Show HN: Teach your kids perfect pitch

What perfect/absolute pitch is (and isn’t)

  • Several commenters argue that “absolute pitch” may just be very stable pitch memory plus relative pitch; others insist it feels qualitatively different (no need to recall a reference).
  • Many note that most people have some pitch memory (e.g., singing songs near the original key).
  • There’s debate whether using reference sounds like tinnitus or instrument timbre counts as “real” perfect pitch.

Trainability and critical period

  • OP’s premise: young children can acquire perfect pitch; adults mostly cannot after ~6 years old.
  • Others cite research and personal experience claiming adults can still develop it, though more slowly and via training/memorization.
  • Some report discovering or improving perfect pitch in their teens or 20s through solfège and intensive ear training.
  • One study is mentioned using psilocybin to reopen learning windows, but no outcomes discussed.
  • At least one person who built a similar trainer reports that chord-color training did not straightforwardly generalize to single-note naming.
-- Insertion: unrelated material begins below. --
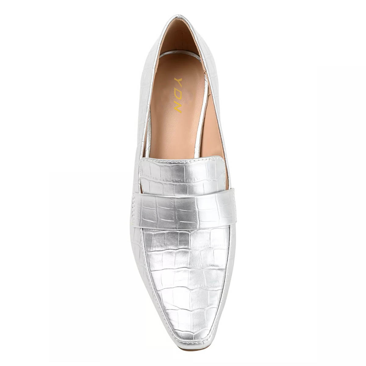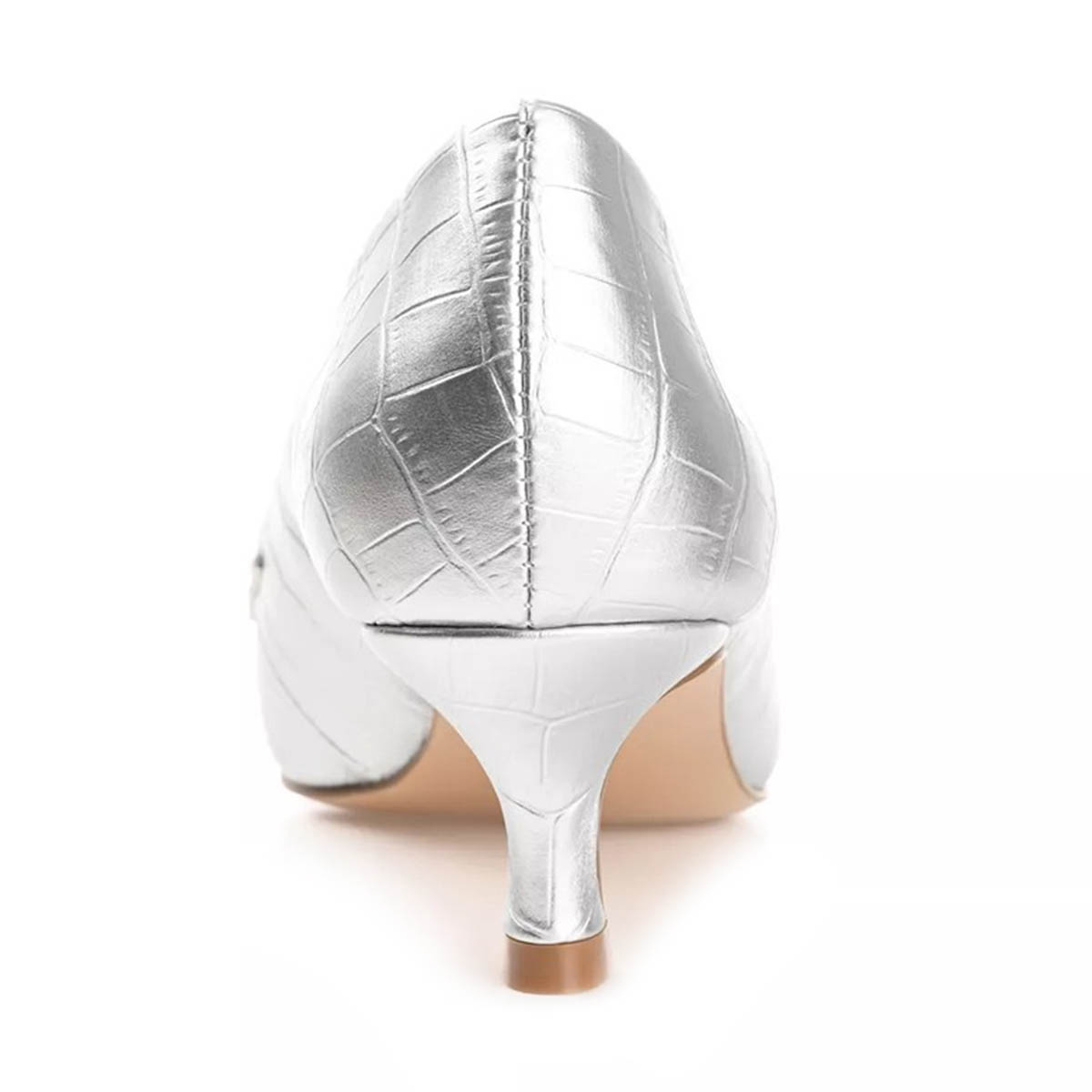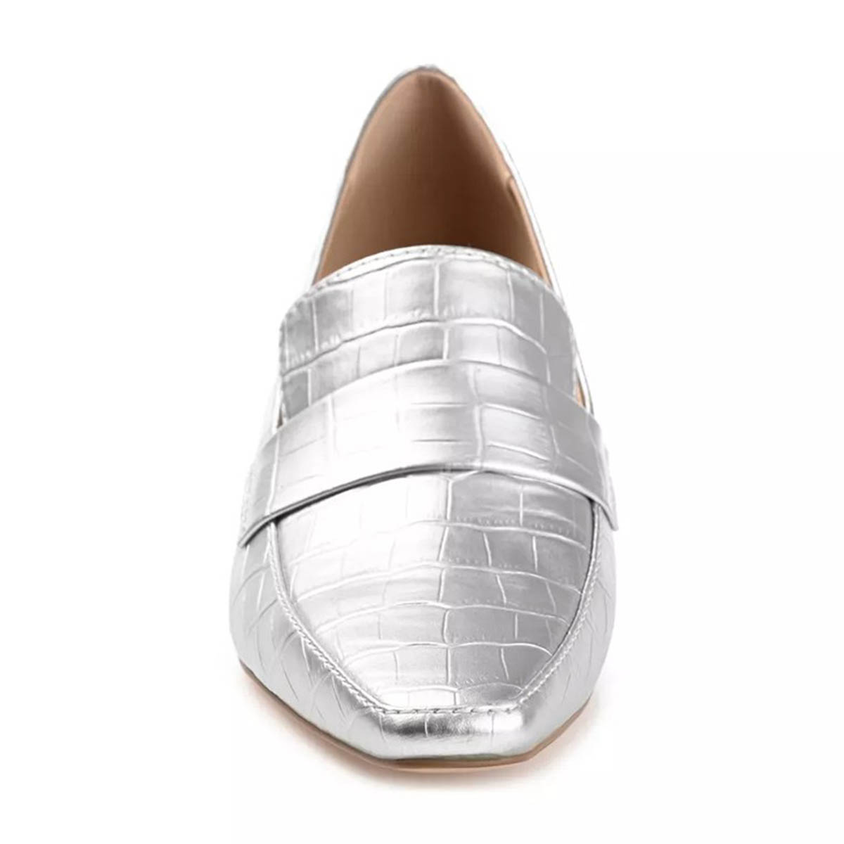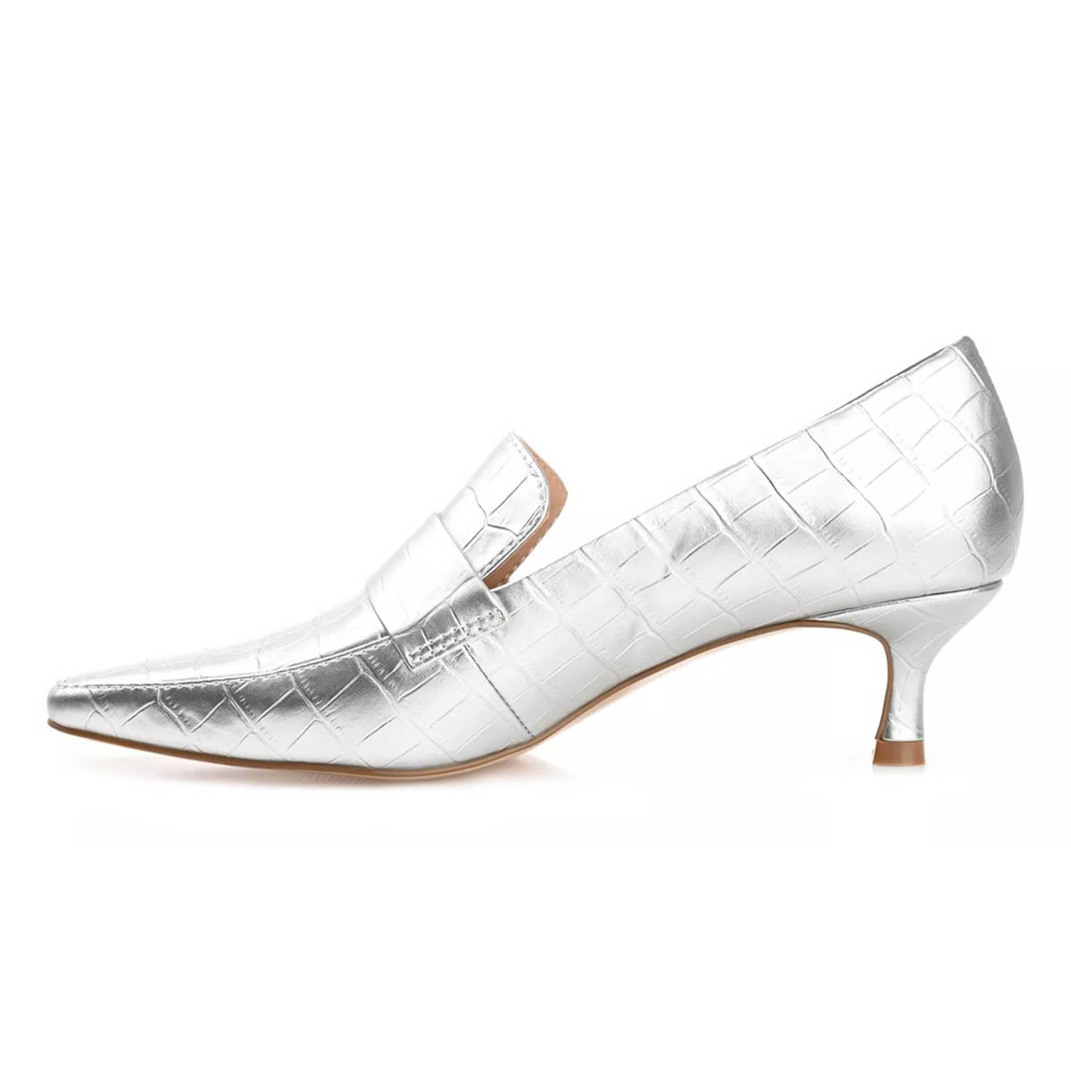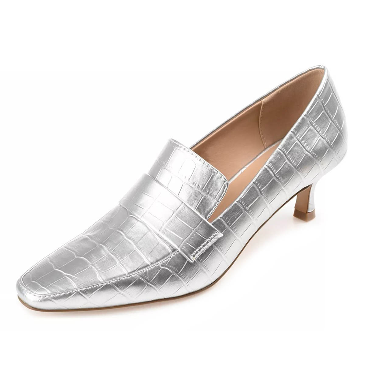 Silver Metallic Finish Croc Embossed Square Toe Loafer Heels

Pros, cons, and actual usefulness

  • Strong view: perfect pitch is largely a “party trick”; relative pitch, harmony understanding, and rhythm are far more useful.
  • Others counter that perfect pitch helps with fast transcription, improvisation, tuning fretless instruments, and starting pitches for choirs.
  • Several musicians say perfect pitch can hinder transposition, jazz playing, and adapting to transposing instruments.
  • Multiple comments describe perfect pitch as sometimes a “curse,” especially when ensembles drift in pitch, when historical tunings differ (A415, A432, A442+), or when DJ mixes change speed.
  • Many emphasize that good relative pitch can be trained at any age, though it may require intense, repetitive exercises (interval ID, sight singing).

Aging and pitch drift

  • Multiple people with lifelong perfect pitch report systematic drift (often about a semitone) in middle age.
  • This mismatch between internal “labeling” and actual frequencies is described as deeply unsettling.
  • It’s noted that increased or continued use may partially stabilize accuracy, but drift appears common and its cause is unknown.

Teaching kids and pedagogy

  • Some argue against targeting perfect pitch at all, preferring broad musical exposure, play, and good teachers.
  • Others think exploiting a developmental window is worthwhile, provided it’s combined with real musical training (instruments, harmony, relative pitch).
  • Concern: focusing kids on absolute pitch may impede learning intervals and flexibility across keys.